Alumni with higher college GPAs were also more likely to report a sense of belonging, though the researchers didn't speculate on whether a higher GPA improved a student's sense of belonging or vice versa.
KIPP surveyed about 3,000 alumni of its charter schools and found that 72 percent of those attending HBCUs reported feeling “like I belong at my school.” Among KIPP students enrolled elsewhere, 61 percent felt the same.
Much of the difference could be due to simple factors such as having close friends on campus, regularly meeting with an academic adviser or having a mentor. Among all students, 56 percent reported having a mentor; at HBCUs, 68 percent said they had a mentor.
“We absolutely need to focus on what [HBCUs] are doing well,” said Jane Martinez Dowling, head of programs at KIPP NYC. “We need to be doing more of it.”
Dowling, who previously ran the network's KIPP Through College effort, said another factor in students' sense of belonging could be that those who choose an HBCU -- particularly a private one -- know it's often more expensive to attend than a comparable state university. Students who end up at many HBCUs “are in general making more of an investment -- and their families are making more of an investment” to go there, Dowling said. That could result in a stronger commitment to the college or university.
In New York, at least, anecdotal evidence also shows that KIPP alumni who attend HBCUs have family ties to the institutions, as well as family friends who are alumni.
She said KIPP is already focusing on sending more students to HBCUs, which are more likely to offer summer bridge programs -- and where there is “a much stronger sense of identity and community” than at types of colleges.
The National Student Clearinghouse Research Center last year found that African-American, Hispanic and mixed-race students comprised nearly 26 percent of two- and four-year college students in the fall 2010 cohort.

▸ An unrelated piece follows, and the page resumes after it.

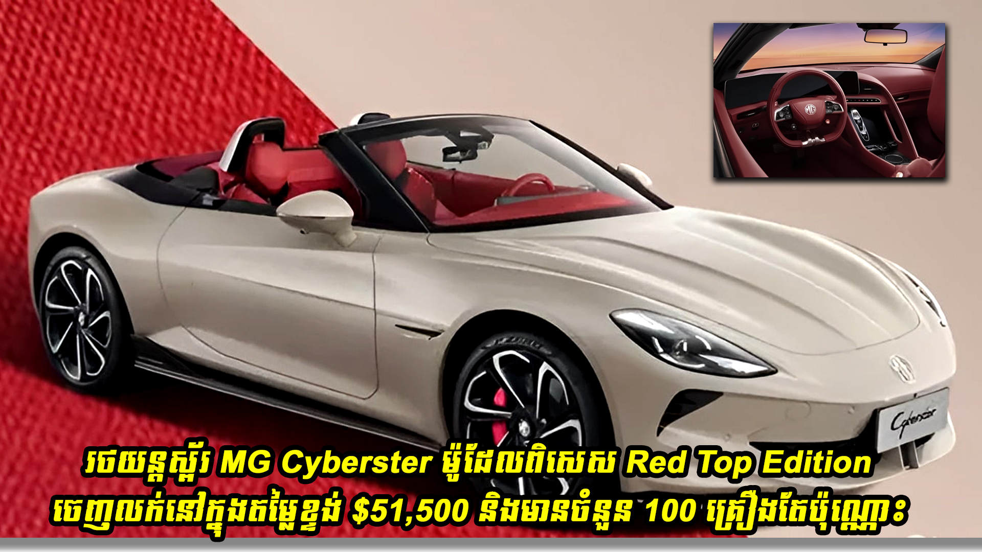 ក្រុមហ៊ុន MG ទើបតែបានប្រកាសបង្ហាញចេញរថយន្តប្រភេទ Super Sport ស៊េរីថ្មីម៉ូដែលពិសេសដែលមានឈ្មោះថា MG Cyberster Red Top Edition។ រថយន្តម៉ូដែលពិសេសនេះ មានតម្លៃ 365,800 យ័ន ឬប្រហែល $51,500។ រថយន្តប្រភេទ Electric Convertible Sport Car របស់ MG មួយនេះត្រូវបានរចនាជាមួយនឹងពណ៌សដែលក្រុមហ៊ុនហៅថា Pearl-White Pait ជាមួយដំបូលអាចបិតបើកបានដែលរចនាម៉ូតជាមួយនឹងពណ៌ក្រហមដែលជា Classic Colors នៃ MGA, MGB និងMG Magnette។

It found that African-American and Hispanic students graduated at lower rates than white and Asian students.
KIPP alumni are predominantly low-income students of color, the network says: 95 percent are African-American or Latino and nearly 90 percent qualify for free or reduced-price lunch under federal poverty guidelines.
The network, which comprises more than 200 public charter schools nationwide and enrolls nearly 90,000 students in grades pre-K through 12, boasts 11,000 alumni enrolled in college. KIPP says its alumni graduate from four-year colleges at a higher rate than the national average, and that its college graduation rate is about four times as high as that of students from similar economic backgrounds who attend other K-12 schools.
Previous KIPP research focused on student life has been eye-opening: a January 2017 survey found that about one in four KIPP alumni are financially supporting other family members while in college. It also found that 40 percent of KIPP alumni skip meals in college to help make ends meet.
Chris Johnson, 25, a 2016 graduate of Oakwood University and an alumnus of KIPP Philadelphia Preparatory Academy, said African-American students at many colleges can be diligent and hardworking “and still not feel a sense of value and belonging” if the institution doesn’t invest in them. Oakwood, he said, was “really intentional in providing an experience in which students felt valued and accepted as soon as they arrived on campus.”
It helped that his mother is an alumna of Oakwood, an HBCU in Huntsville, Ala. “When I got to campus, I felt like there was some legacy there,” he said.
The university went a step further, he said, providing his mother with the college president’s email address in case she had questions.
Oakwood made belonging a priority from the beginning, Johnson said: it put upperclassmen, not administrators, in charge of freshman orientation, showing new students from day one that it’s possible to make it through the difficult early years.
The upperclassmen “also open themselves up to being mentors to students who are really trying to adjust to college life,” Johnson said. “When I got to Oakwood, I immediately felt that support.”